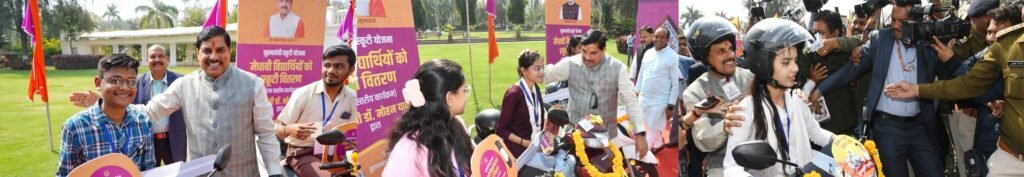 मुख्यमंत्री डॉ. यादव ने समारोह में 10 मेधावी विद्यार्थियों को स्कूटी की चाबी प्रदान की तथा उनके साथ स्कूटी चलाकर उनका उत्साहवर्धन भी किया। माध्यमिक शिक्षा मंडल की कक्षा 12वीं की परीक्षा में शासकीय विद्यालयों के टॉपर्स को स्कूटी प्रदान करने की इस योजना के अंतर्गत संपूर्ण प्रदेश में 7 हजार 900 प्रतिभाशाली विद्यार्थियों को ई-स्कूटी प्रदान की जा रही है।
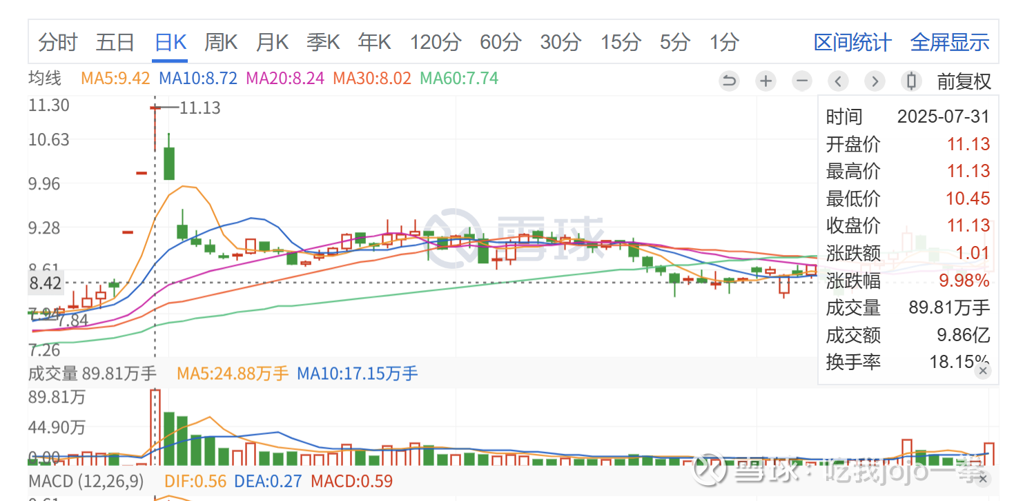前期巨量为7月31日,成交89万手,收盘价11.13元,前期一字板,当日巨量,虽然封板,但是这个量能远超平时几倍,见顶信号明显,后续放量收绿回调(第二天低开还是给了机会)
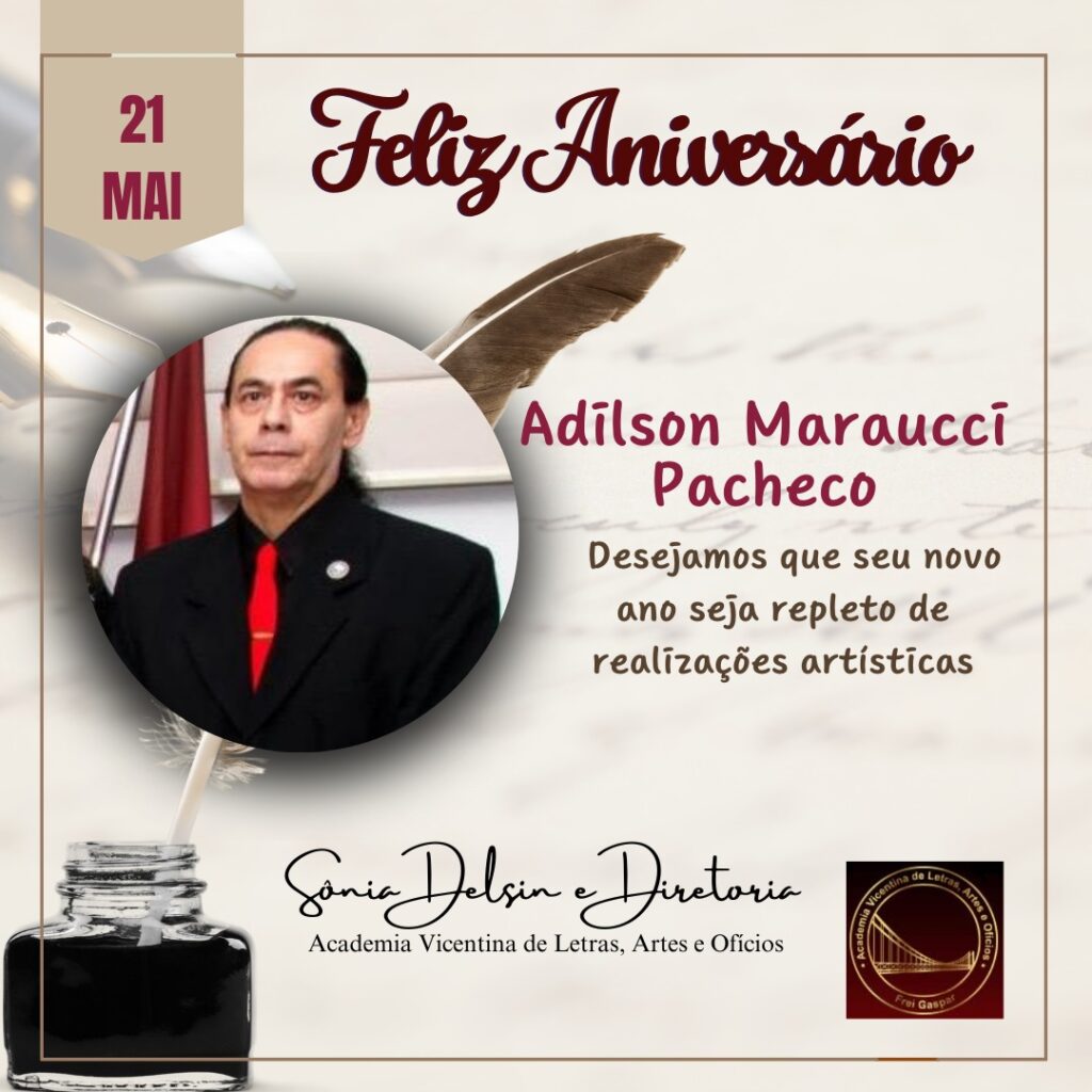 A Academia Vicentina de Letras, Artes e Ofícios parabeniza nossa querido associado Adilson Maraucci Pacheco pelo seu aniversário.
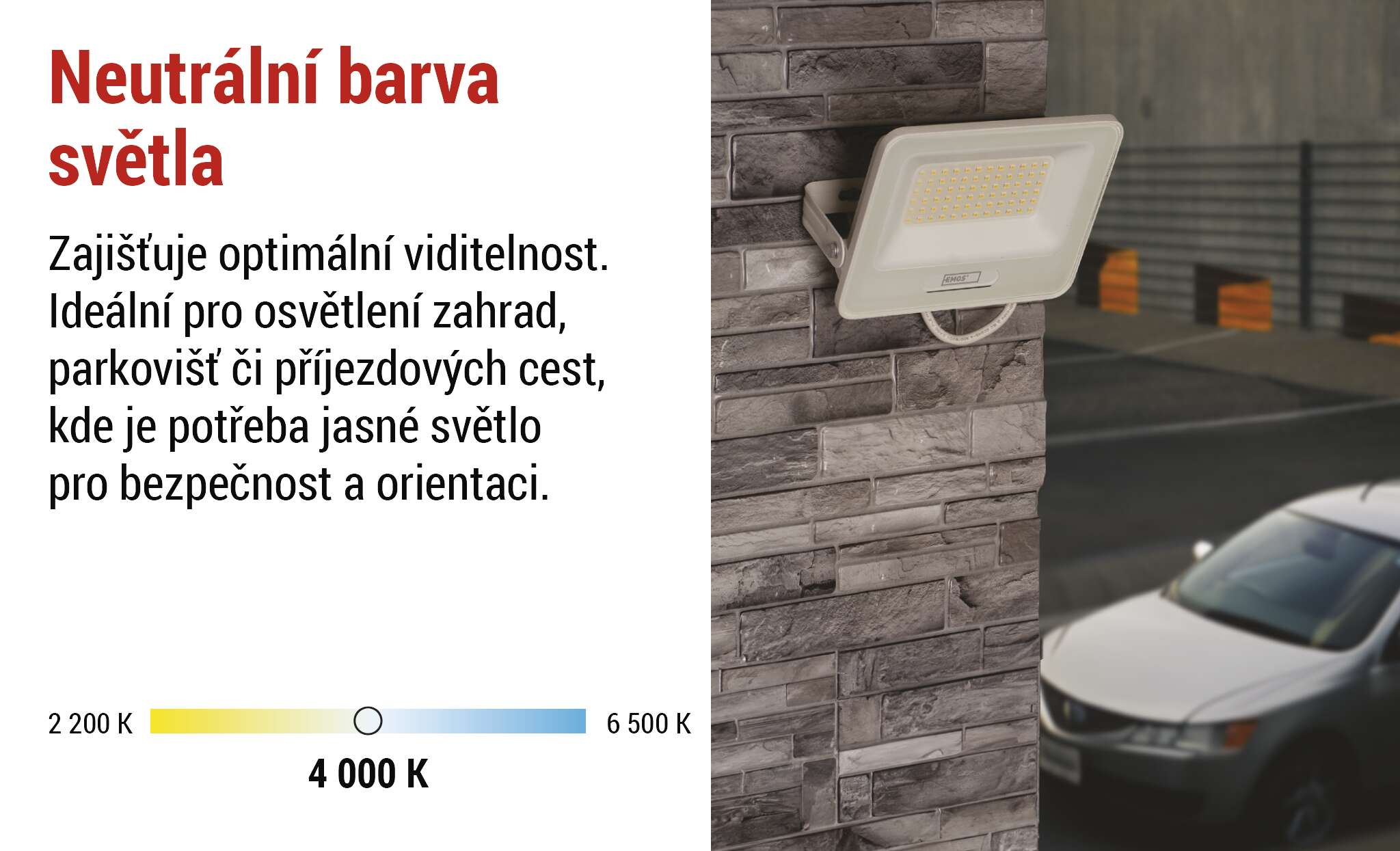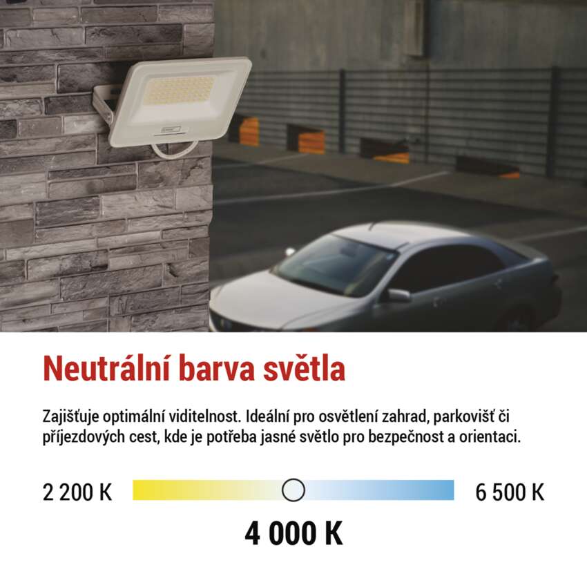Reflektory GLARO svítí neutrální bílou barvou světla, která nabízí přirozené a komfortní osvětlení bez ostrých modrých tónů ani žlutého nádechu. Zajišťuje optimální viditelnost a věrné podání barev. Díky tomu se prostor osvětluje rovnoměrně, světlo je příjemné pro oči a vytváří bezpečné prostředí pro pohyb i práci.
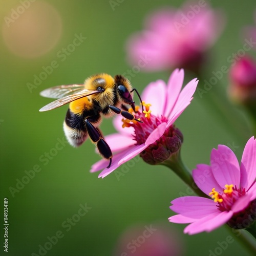 Small yellow and black striped bumblebee hovering around a wildflower, blossoms, pollen
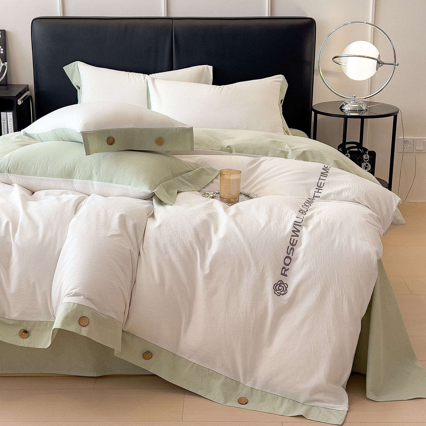 - 2025新款A类全棉色织水洗棉纽扣绣花四件套 纽扣款-白色拼浅绿
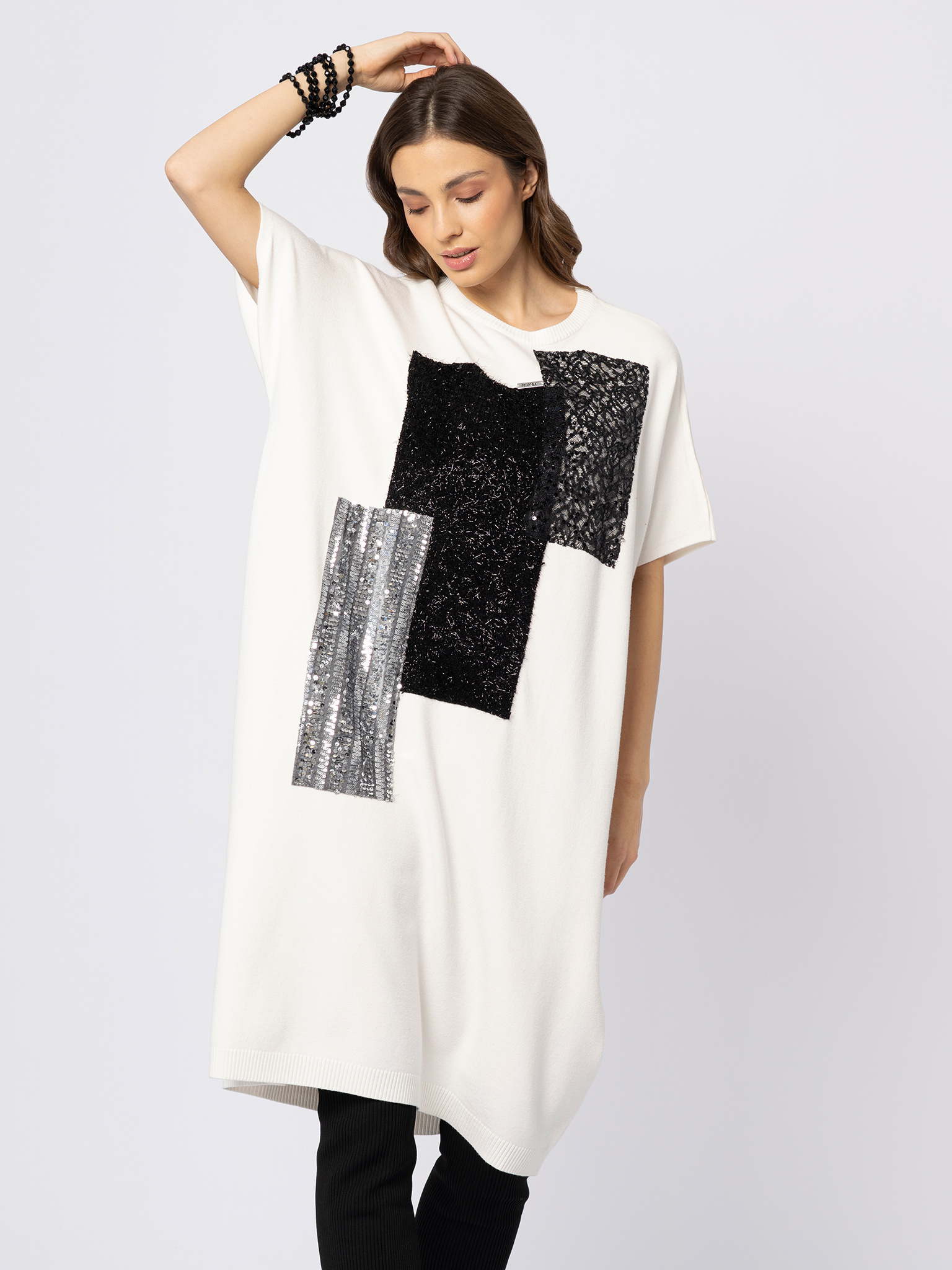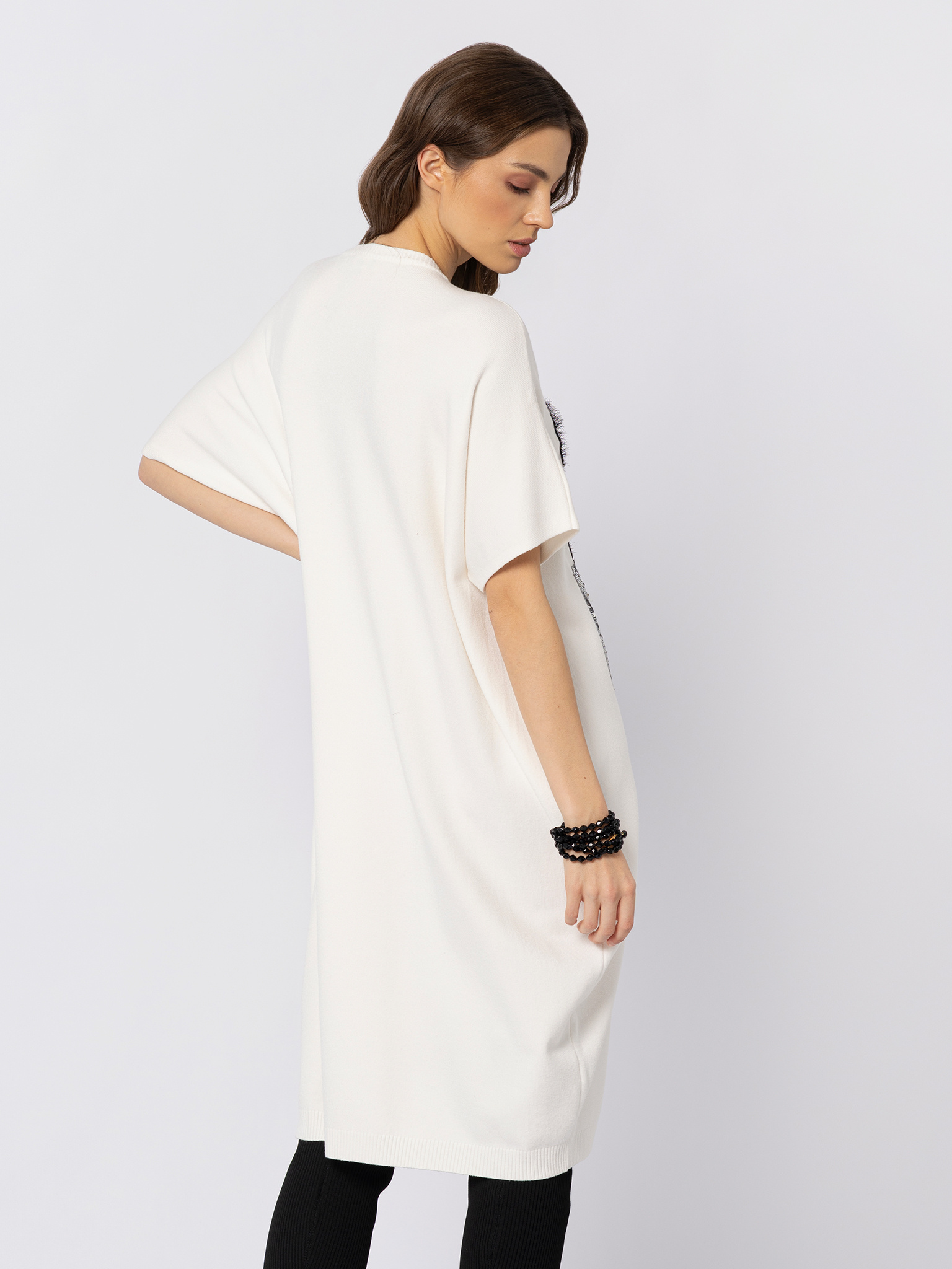 Ecru dzianinowa sukienka z ozdobnymi aplikacjami
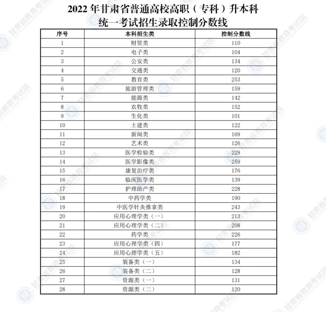 2022年甘肅省普通專升本考試招生錄取控制分?jǐn)?shù)線公布

# What to produce:
Without the pictures, give again exactly the lines above starting at the line containing "前期巨量为7月31日,成交8" and ending at the line containing "A Academia Vicentina".

# Response for this exercise:
前期巨量为7月31日,成交89万手,收盘价11.13元,前期一字板,当日巨量,虽然封板,但是这个量能远超平时几倍,见顶信号明显,后续放量收绿回调(第二天低开还是给了机会)
 A Academia Vicentina de Letras, Artes e Ofícios parabeniza nossa querido associado Adilson Maraucci Pacheco pelo seu aniversário.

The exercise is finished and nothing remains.